- Task to carry out
From the data that follows, set down exactly the lines from the one with "Periwinkle blouse with" through the one with "Estas zapatillas destalonadas", counting both. Pictures stay out.

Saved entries
________

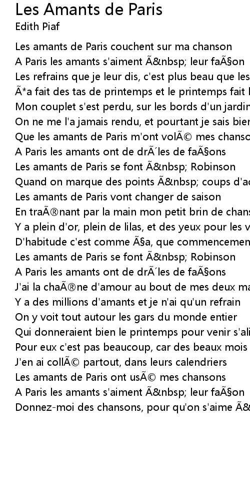 | Donnez-moi des chansons, pour qu'on s'aime à Paris |
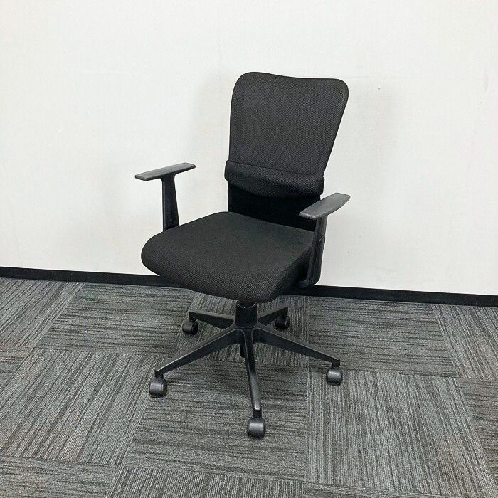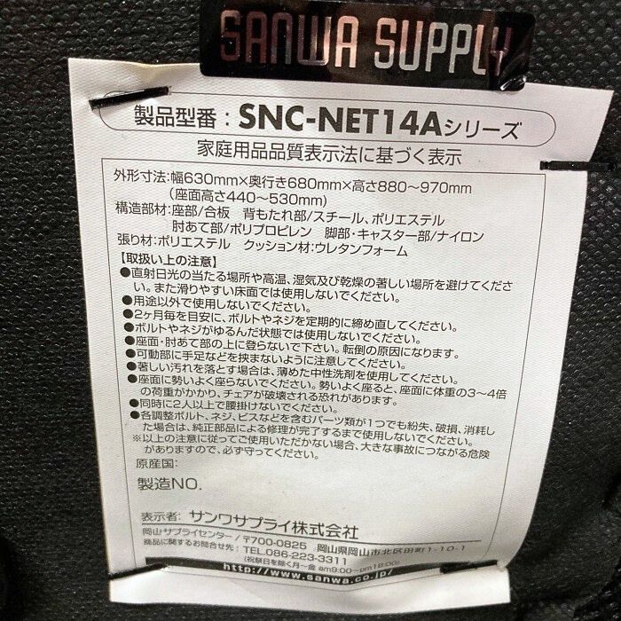 サンワサプライ オフィスチェア肘あり SNC-NET14A ランバーサポート付き ブラック 中古
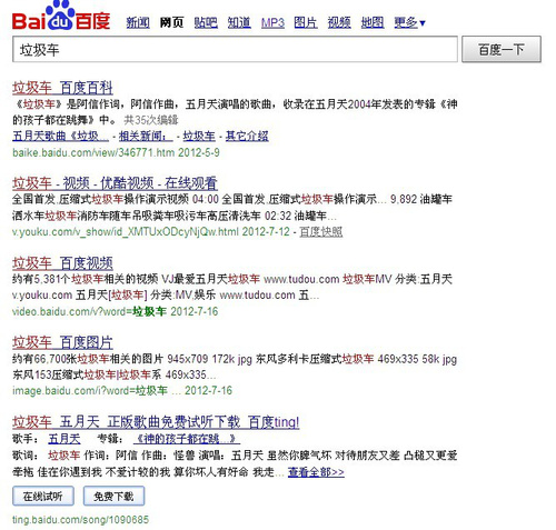 上图是笔者搜索相关关键词后的搜索结果页面,细心的你可能会发现排在前面五个的网站中根本没有相关行业的企业站点,取而代之的是五月天新出的专辑中的一首歌。那么为何搜索结果中没有相关的企业站点而是一首流行歌曲的信息了。其实如果你仔细研究一下“垃圾车”这个关键词之后你就会发现这个词在五月天推出这首歌之前搜索量并不高,也就是说现在很多搜索这个词的人的需求还是五月天的歌曲,而不是相关的企业。
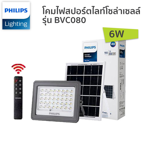 ไฟสปอร์ตไลท์โซล่าเซลล์ LED-Philips- 6W รุ่น BVC080 6/765
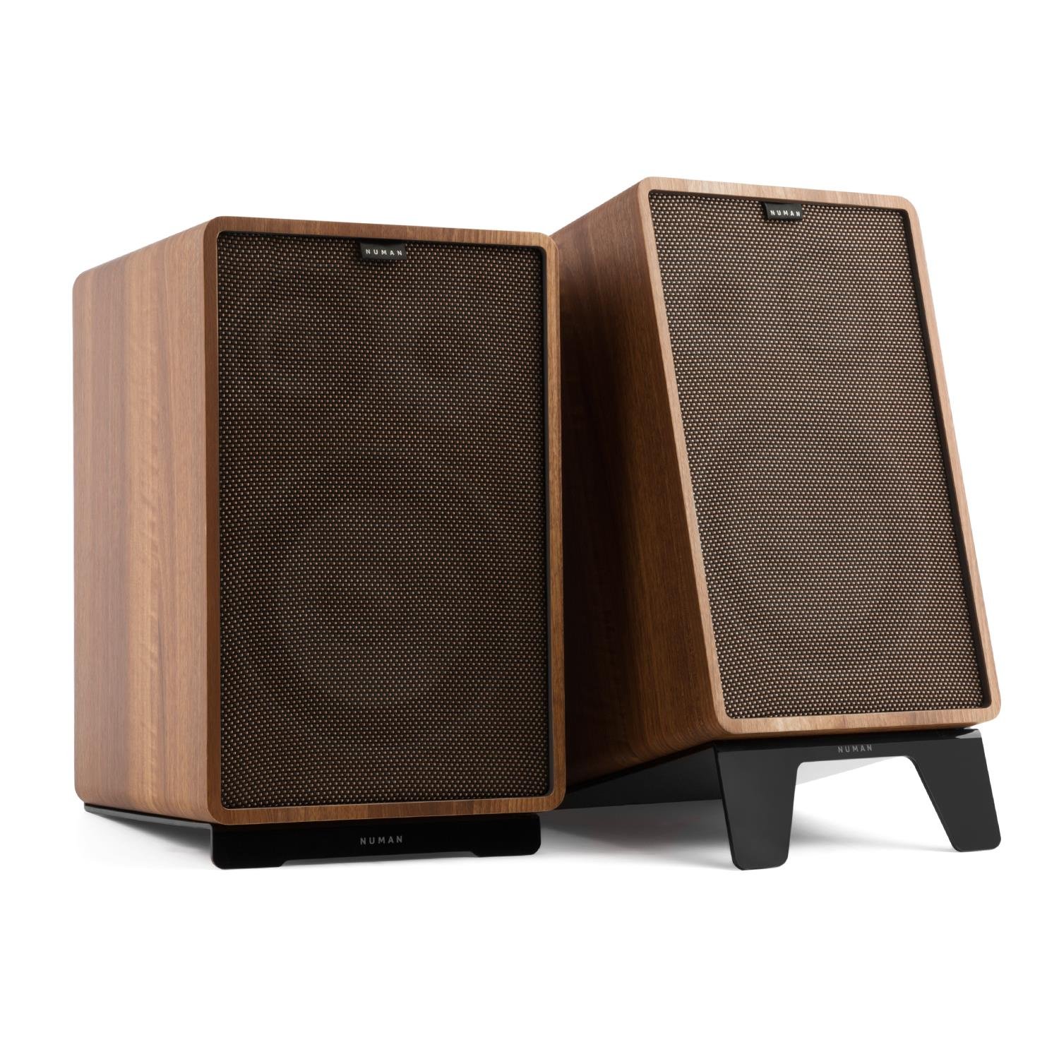 NUMAN RETROSPECTIVE 1978 MKII - Haut-parleurs d'étagère à 3 Voies, 2 x 100W, Subwoofer 20cm (8"), Haut-Parleur de 10cm (4"), Tweeter, Design rétro, Cache Brun foncé, Support Noir, Noyer
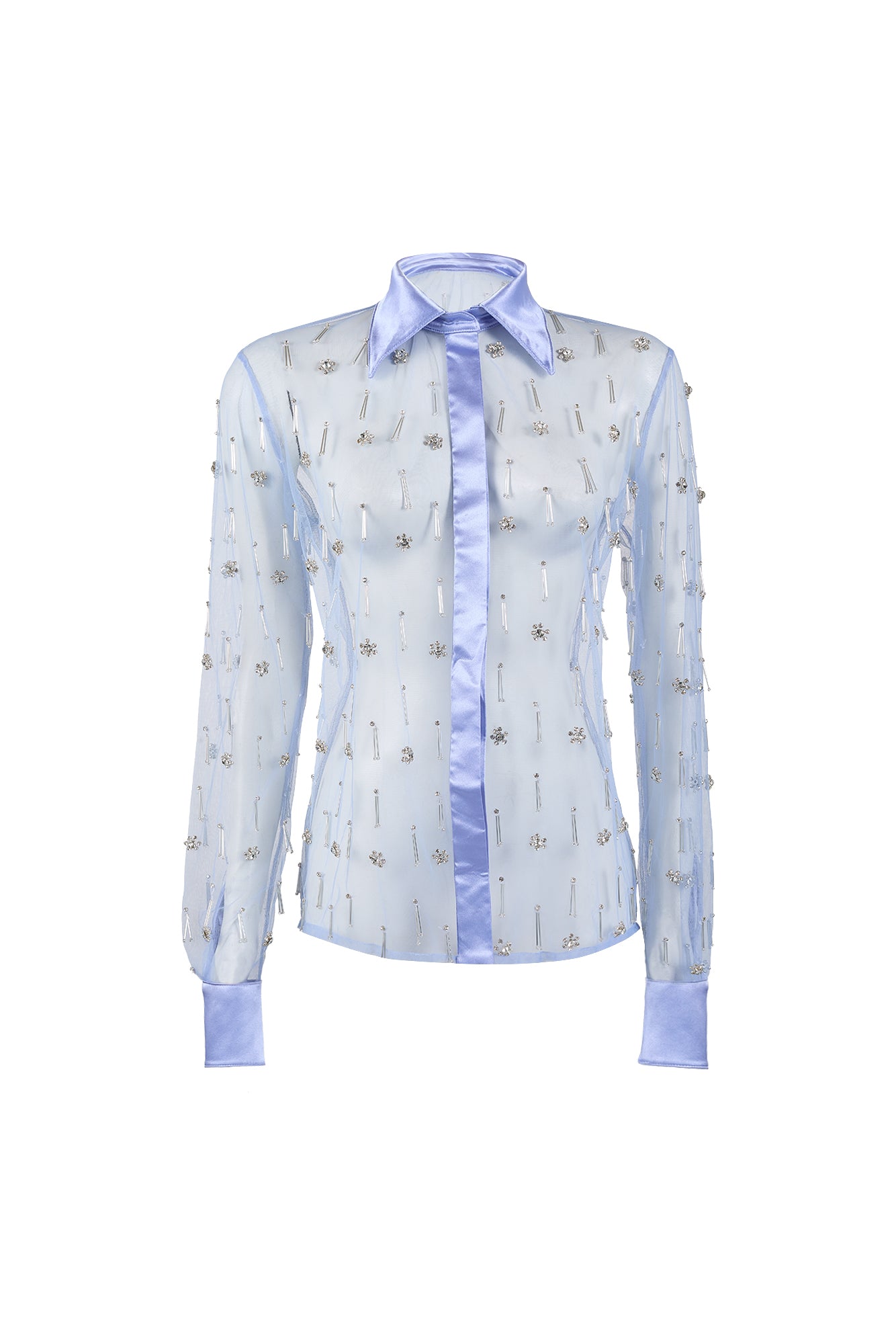 Periwinkle blouse with satin collar and cuffs, finished with scattered crystal embellishments.
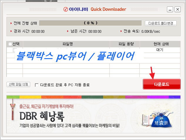 아이나비 Quick Downloader 가 열리고 다운로드 진행 하면 된다
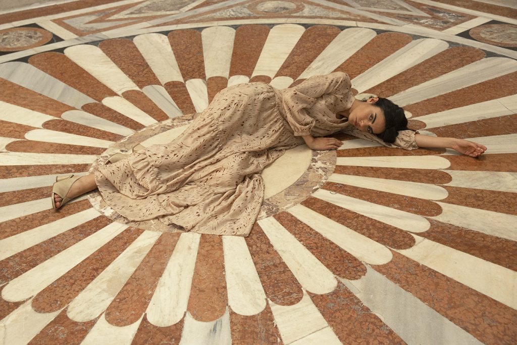 Dettagli ricercati, forme e silhouette essenziali, ricami, stampe descrivono uno stile sofisticato e antico, enfatizzato da dettagli ricercati – allacciature evidenti, bordature a contrasto, inserti sartoriali – e declinata in una palette di colori decisi, che comprende rosso Cina, peonia, arancio, blu navy, azzurro polveroso e bianco gesso.
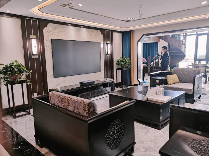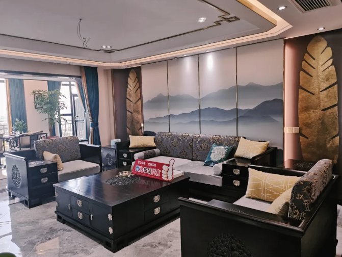 電視墻是石材+護墻板+不銹鋼金屬條做的凹凸造型,美中不足的是,受疫情影響,雕花隔斷一直沒有到位。沙發(fā)墻是兩側(cè)采用壁畫弧形凸出,嵌入燈帶燈槽,中間是山水水墨畫,用柔美來弱化線條的剛直。
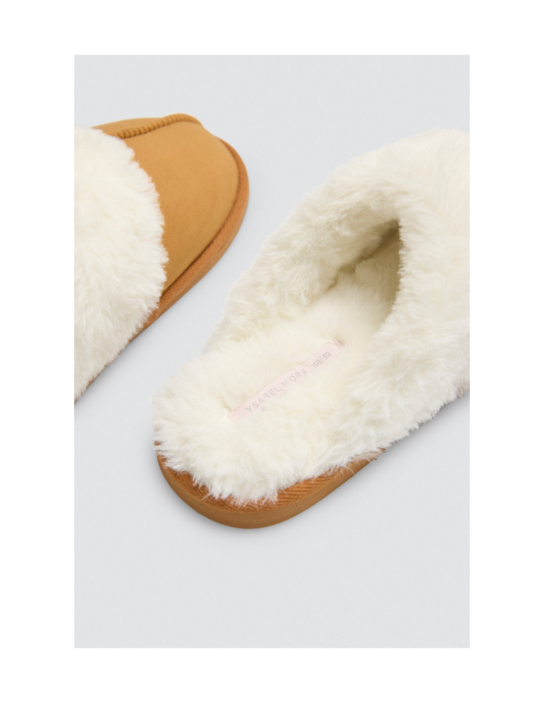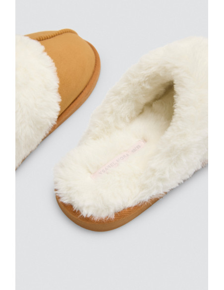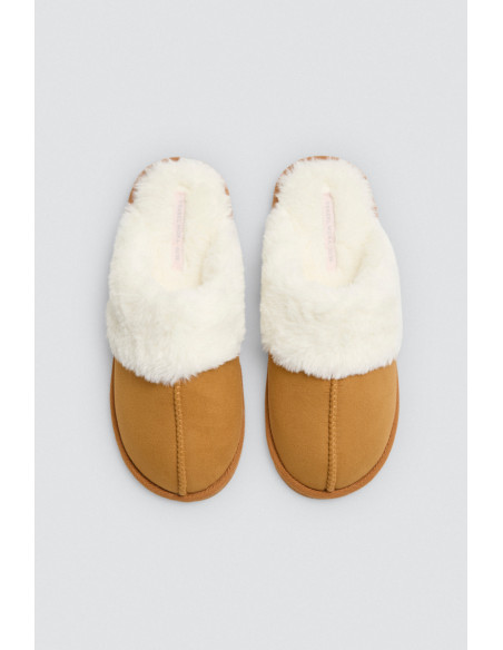Estas zapatillas destalonadas de Ysabel Mora están confeccionadas en tejido efecto ante con forro de peluche extra suave, ideales para quienes buscan comodidad sin renunciar al estilo. Su diseño incorpora un delicado collarín de pelo y una costura decorativa en el empeine que aporta un toque de distinción.
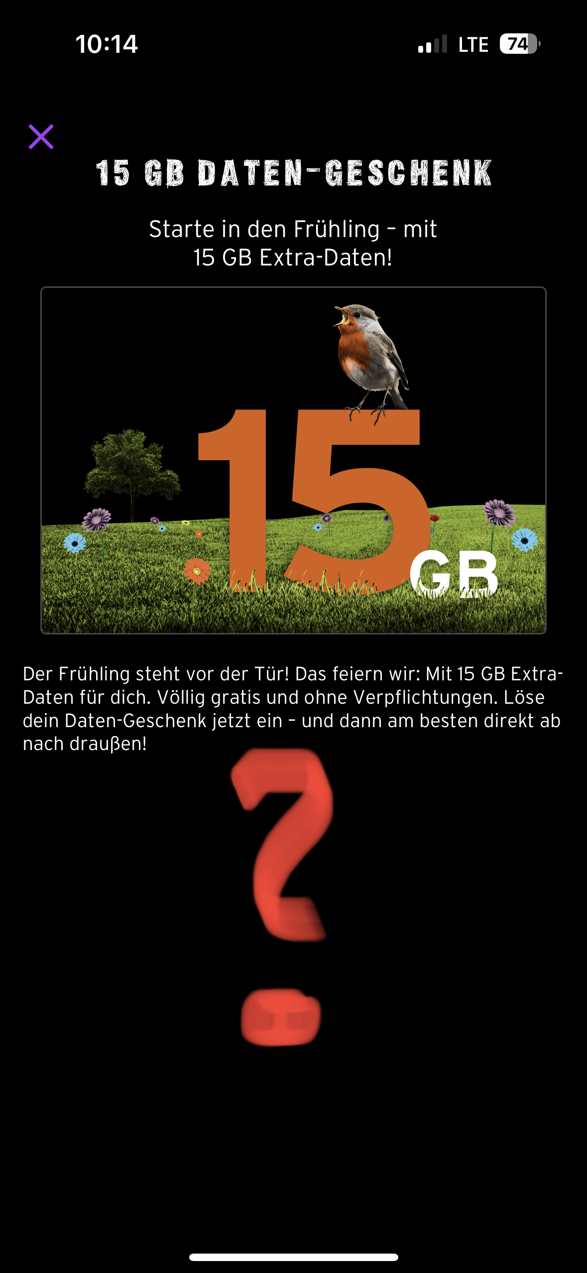 Habe eben gesehen, dass Congstar für den Monat März 15GB verschenkt - jedoch bin ich entweder zu blöd oder Congstar hat den Einlöse-Button unfassbar gut versteckt...

________

- Written response
 Periwinkle blouse with satin collar and cuffs, finished with scattered crystal embellishments.
 아이나비 Quick Downloader 가 열리고 다운로드 진행 하면 된다
 Dettagli ricercati, forme e silhouette essenziali, ricami, stampe descrivono uno stile sofisticato e antico, enfatizzato da dettagli ricercati – allacciature evidenti, bordature a contrasto, inserti sartoriali – e declinata in una palette di colori decisi, che comprende rosso Cina, peonia, arancio, blu navy, azzurro polveroso e bianco gesso.
 電視墻是石材+護墻板+不銹鋼金屬條做的凹凸造型,美中不足的是,受疫情影響,雕花隔斷一直沒有到位。沙發(fā)墻是兩側(cè)采用壁畫弧形凸出,嵌入燈帶燈槽,中間是山水水墨畫,用柔美來弱化線條的剛直。
Estas zapatillas destalonadas de Ysabel Mora están confeccionadas en tejido efecto ante con forro de peluche extra suave, ideales para quienes buscan comodidad sin renunciar al estilo. Su diseño incorpora un delicado collarín de pelo y una costura decorativa en el empeine que aporta un toque de distinción.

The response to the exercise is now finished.